Annotation of the rice genome

A high-quality finished sequence of the rice genome was completed in 2005. However, to maximally use the sequences, quality annotation of the genes and genome features is necessary. The process of annotation is iterative in nature and requires the application and refinement of computational tools coupled with manual curation and evalutation. We are funded by the U.S. National Science Foundation to annotate the rice genome and have constructed pseudomolecules for the 12 Oryza sativa subspecies japonica var. Nipponbare chromosomes, which are publicly available through our project Web site (http://rice.tigr.org). We identified genes, gene models, and other annotation features in the rice genome. We expanded our annotation features to include a rice transcript assembly and its alignment with the rice genome, small noncoding RNAs, simple sequence repeats, as well as single nucleotide polymorphisms and insertions/deletions based on alignment with the indica subspecies. We updated our Oryza repeat database, which has allowed us to better quantify the repetitive sequences within the rice genome, which total 29% of the genome. To assist users in accessing the genome and our annotation, we expanded the content and functions of our Rice Genome Browser such that it supports 37 annotation tracks and data downloads of the underlying annotation data in various formats.
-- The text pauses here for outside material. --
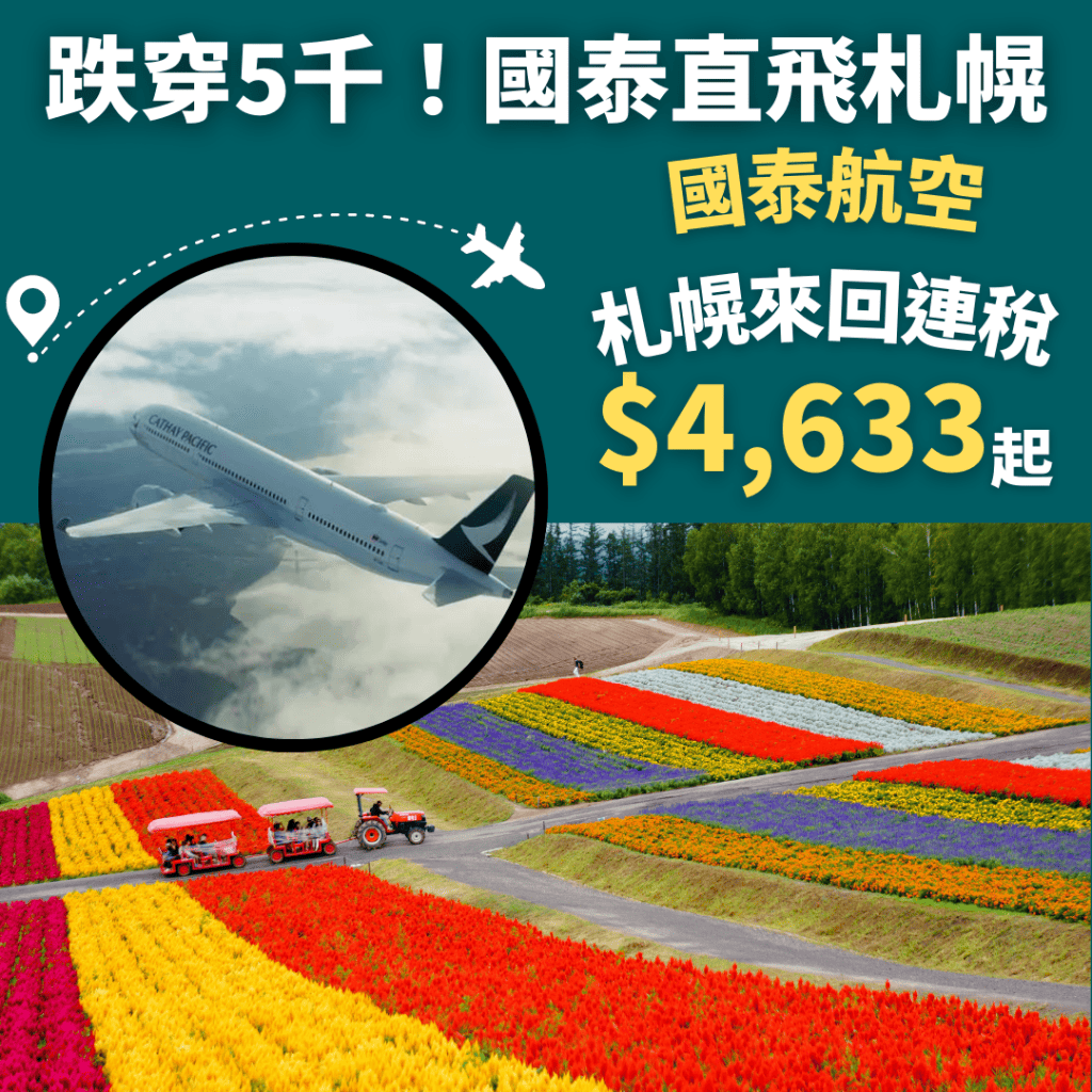 跌穿5千!連稅4千6!國泰直飛札幌!香港飛札幌來回連稅$4,633起 – 國泰航空 (優惠至5月31日)
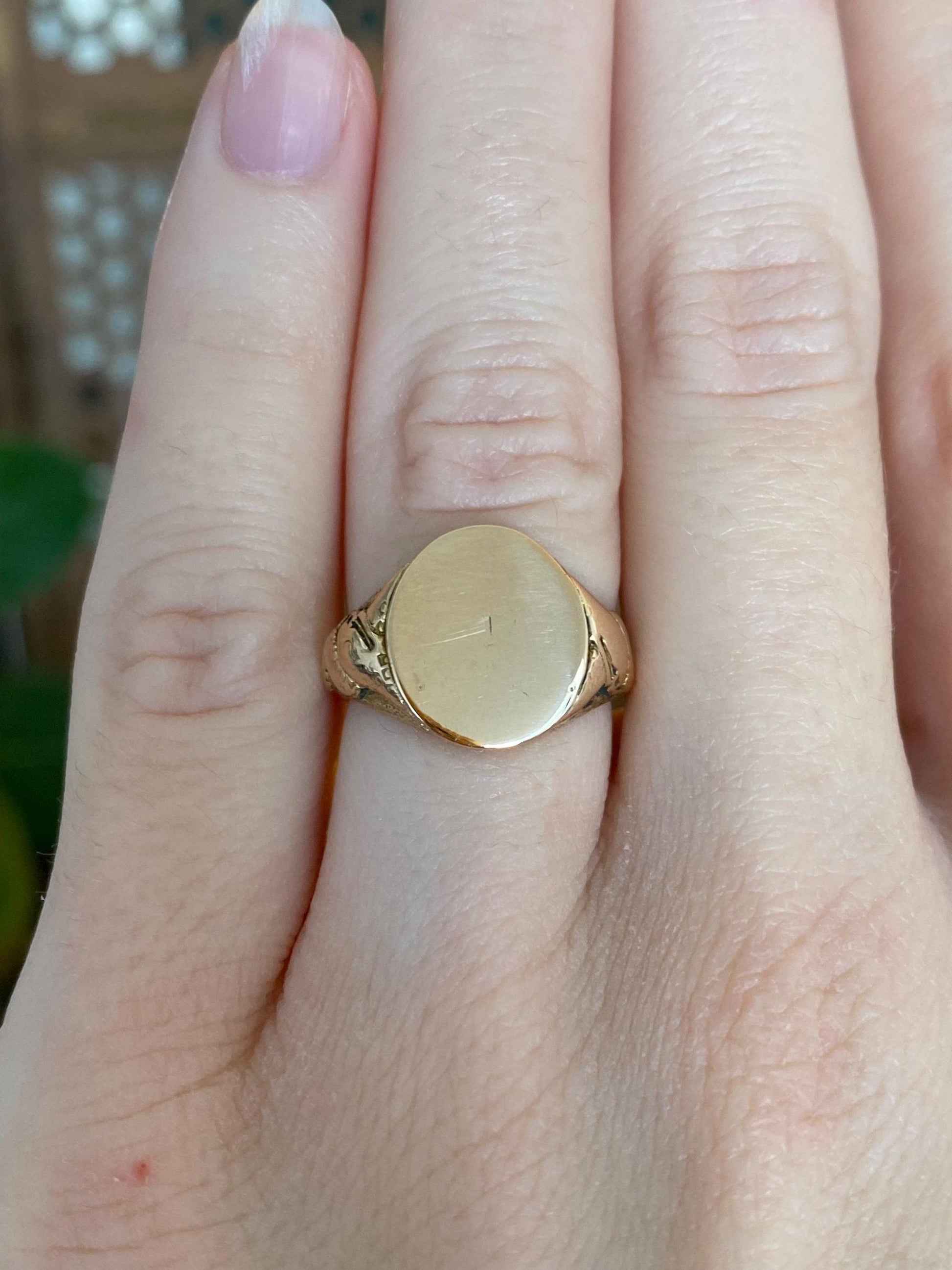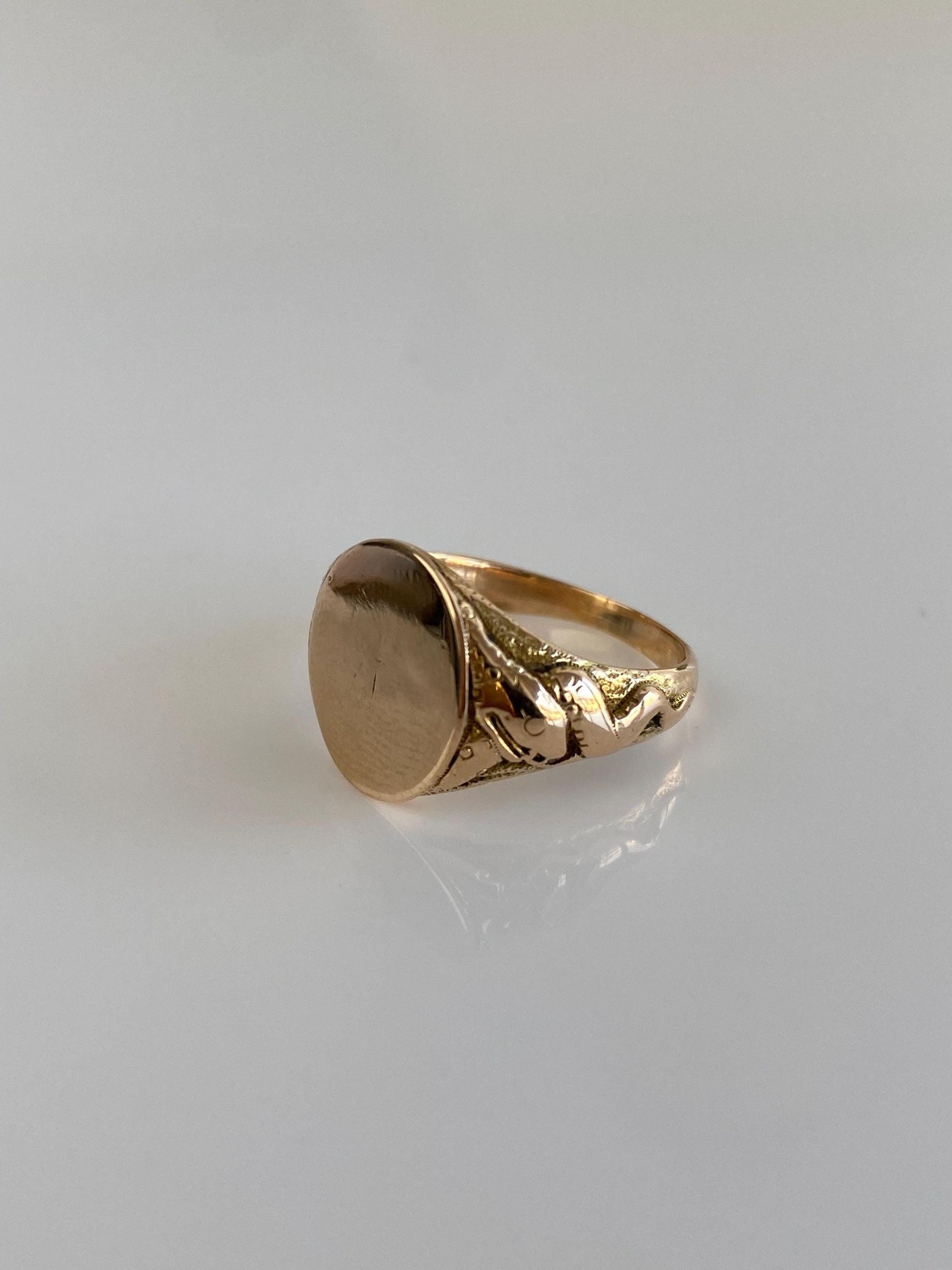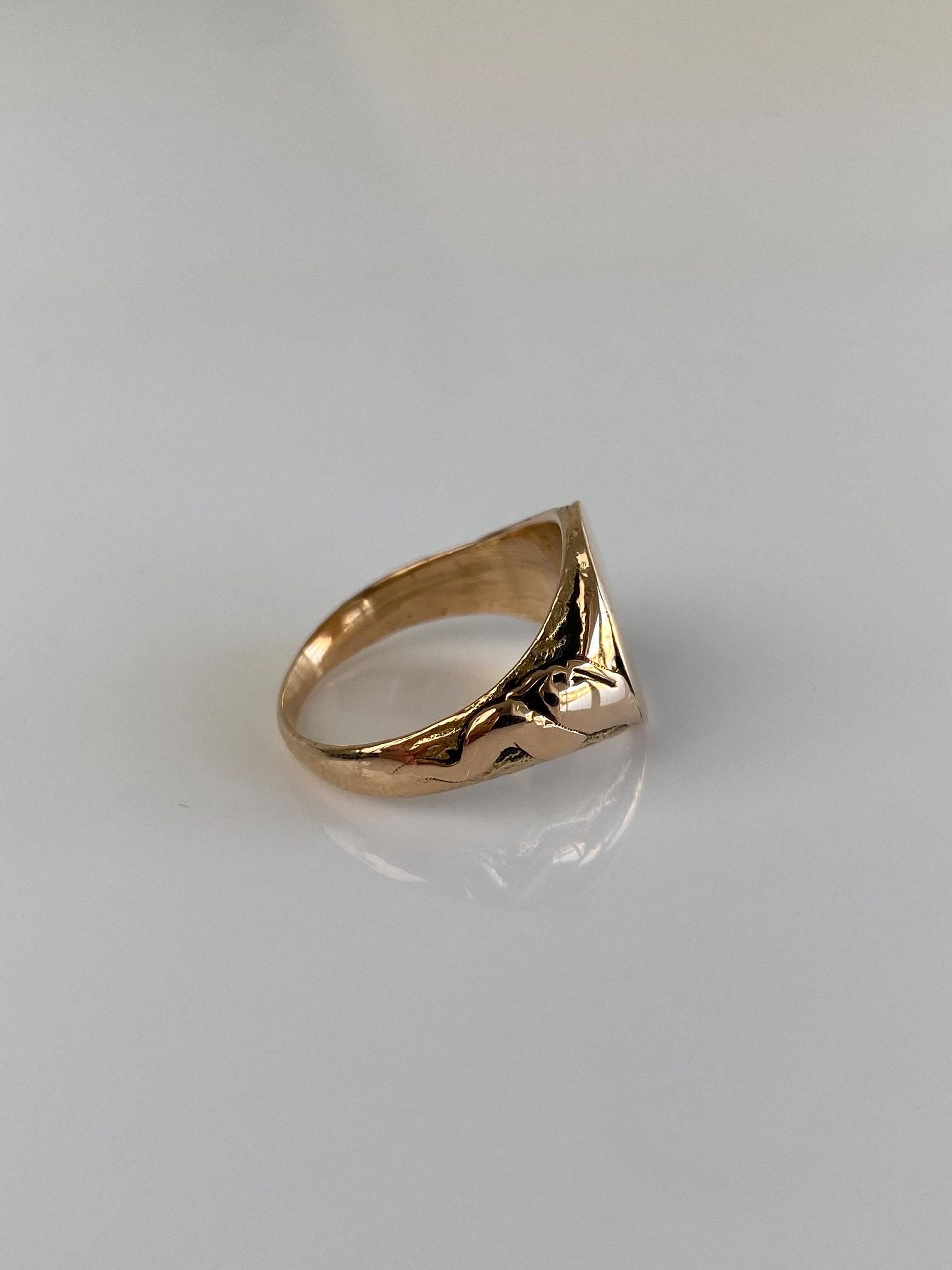 Vintage Solid 14k Yellow Gold Design Signet Ring - Size 5

Gene recovery of two genome-filtration sequencing techniques when applied to the maize genome

The large size of the maize genome and the expectation that most of the genome is represented by repetitive elements is a challenge to standard genome sequencing techniques. Genome-filtration sequencing techniques may target gene-rich regions in the genome. Two such approaches, methylation filtration and high Cot selection, may provide rapid and cost-effective alternative to sequencing the maize genome. Approximately 450k sequence reads have been obtained from both methylation filtration (MF) and high Cot (HC) libraries, and these sequences have been clustered and assembled. An analysis was undertaken to examine whether MF and MC enrich for maize genes and target non-identical sequence space. Simple sequence repeat analysis and mapped marker coverage provide gauges to examine whether MF and HC sample identical sequence space. Marker hits also provide evidence that MF and HC enrich for unique genic portions of the genome. Finally, the identification of maize and other protein sequences in the MF and HC sequence sets can indicate the expected fraction and coverage of the maize gene space by MF and HC.